Friday, Oct. 12, 1962
Presidential Assist
When newly victorious John F. Kennedy was waiting to take office, a reporter approached the President-elect. Asked the newsman hesitantly, conscious that he and his publication had frequently been critical of Kennedy during the campaign: Would Kennedy continue to see him in the White House? Yes, said Kennedy. Then he added with a grin: "You and Marianne Means."
If this remark perplexed the reporter, his perplexity was understandable. At that time, hardly anyone knew who Marianne Means was. Kennedy did. What is more, his comment about her was not just a prediction, but a promise. By last week, having just signed a new contract with the Hearst papers ($ 15,000 the first year, $17,500 the second). Marianne Means, 28, could claim title as the only White House correspondent to have got her job through the President.

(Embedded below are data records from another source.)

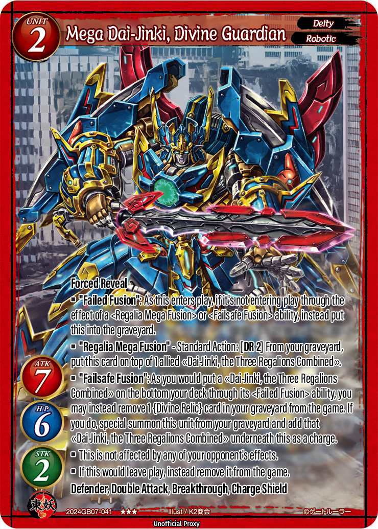 ■ "Failsafe Fusion": As you would put a «Dai-Jinki, the Three Regalions Combined» on the bottom your deck through its <Failed Fusion> ability, you may instead remove 1 {Divine Relic} card in your graveyard from the game. If you do, special summon this unit from your graveyard and add that «Dai-Jinki, the Three Regalions Combined» underneath this as a charge.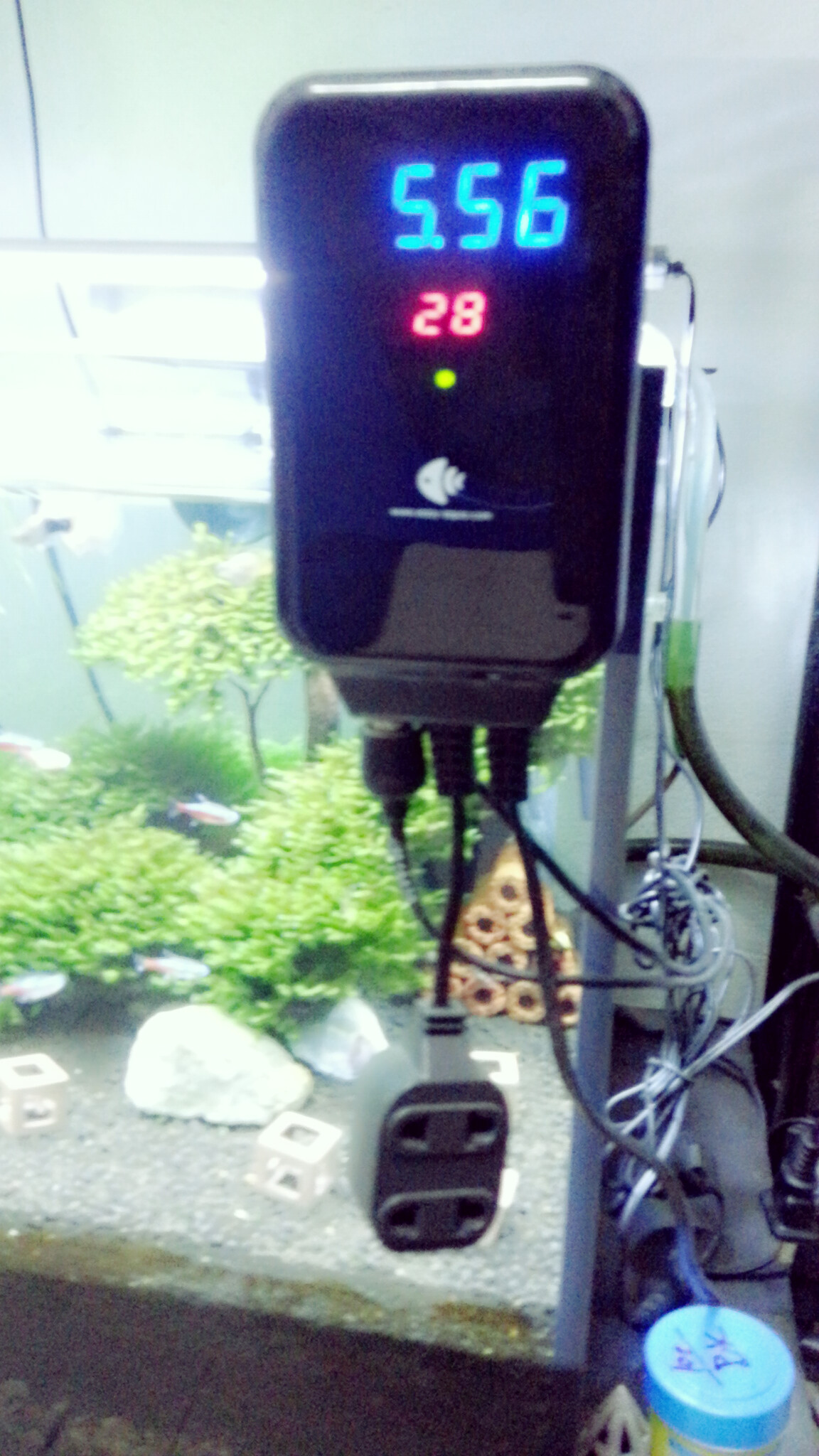 รายการที่ 2 ...PH มอนิเตอร์ พร้อม เทอร์โมมิเตอร์วัดอุณหภูมิแสดงผลบนหน้าจอ LEDสามารถวัดค่า PH และครอนโทลค่า PH  และ อุณหภูมิ ในตู้เลี้ยงได้อย่างแม่นยำ ( ไม่มีกล่อง ใช้งานมา 6 เดือน ไม่มีส่วนไหนเสีย )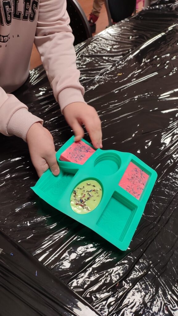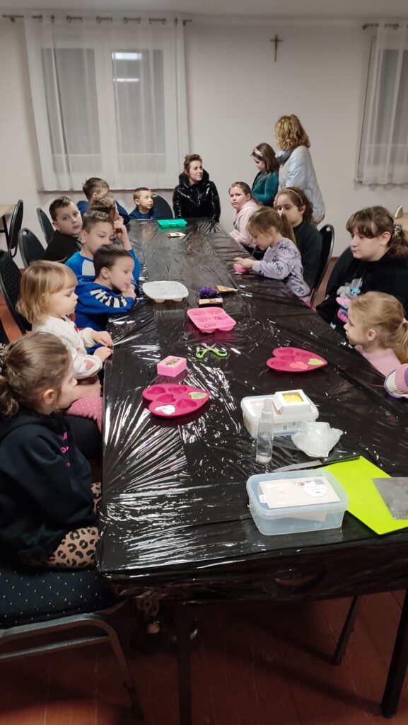 Ferie to nie tylko smakowite przysmaki, ale także rozwijanie zdolności manualnych i artystycznych. Podczas warsztatów kreatywnych uczestnicy wykonywali glicerynowe mydełka oraz malowali pudełka prezentowe, wykazując się pomysłowością i dużą starannością.

Sponsor's Role. A rinsed blonde from Sioux City. Iowa. Marianne first caught Kennedy's eye in 1957. while he was still the junior Senator from Massachusetts. A new copy editor on the Lincoln, Neb.. Journal, she got the chance to chauffeur Kennedy, who had flown in to make a speech, back to the airport. Listening to her journalistic dreams (she studied journalism at the University of Nebraska, where she made Phi Beta Kappa), the Senator idly promised to abet them if she ever came to Washington. Marianne promptly went there, and a surprised Kennedy wangled her a post as woman's editor of a suburban daily in the capital's Virginia environs.
Their paths next crossed in 1960. when Marianne, by then a general-assignments reporter in Hearst's Washington bureau, showed up on Kennedy's campaign. Sheer luck had put her there--everybody else in the bureau was sick at the time--but Kennedy remembered her. After the election, he had a talk with Hearst National Editor Frank Conniff. "Are you going to send Marianne to the White House?" asked Kennedy. Conniff, who had not intended to send anyone, lost no time in complying.
The President has continued to play a sponsor's role; she has had numerous audiences in the Oval Room, and he has given her helpful hints for her Sunday column, "D.C. Currents."
"Head Cat." As a newshen, Marianne still has much to learn--and knows it. She once called Kennedy "the head cat of our Government." has a tendency to repeat herself. Her scoops are modest ones, and generally unidentifiable as such without the "exclusive" label that Hearst sometimes attaches to her copy, e.g., a Marianne story last month reporting that key Republicans, specifically Minority Leaders Dirksen and Halleck. had "pledged to support President Kennedy's present policy on Cuba."
Both Hearst and its White House correspondent recognize--and exploit--the value of the presidential interest; on Kennedy's recent West Coast swing, the Hearst papers gave blurb stories about Marianne nearly as much space as Kennedy got.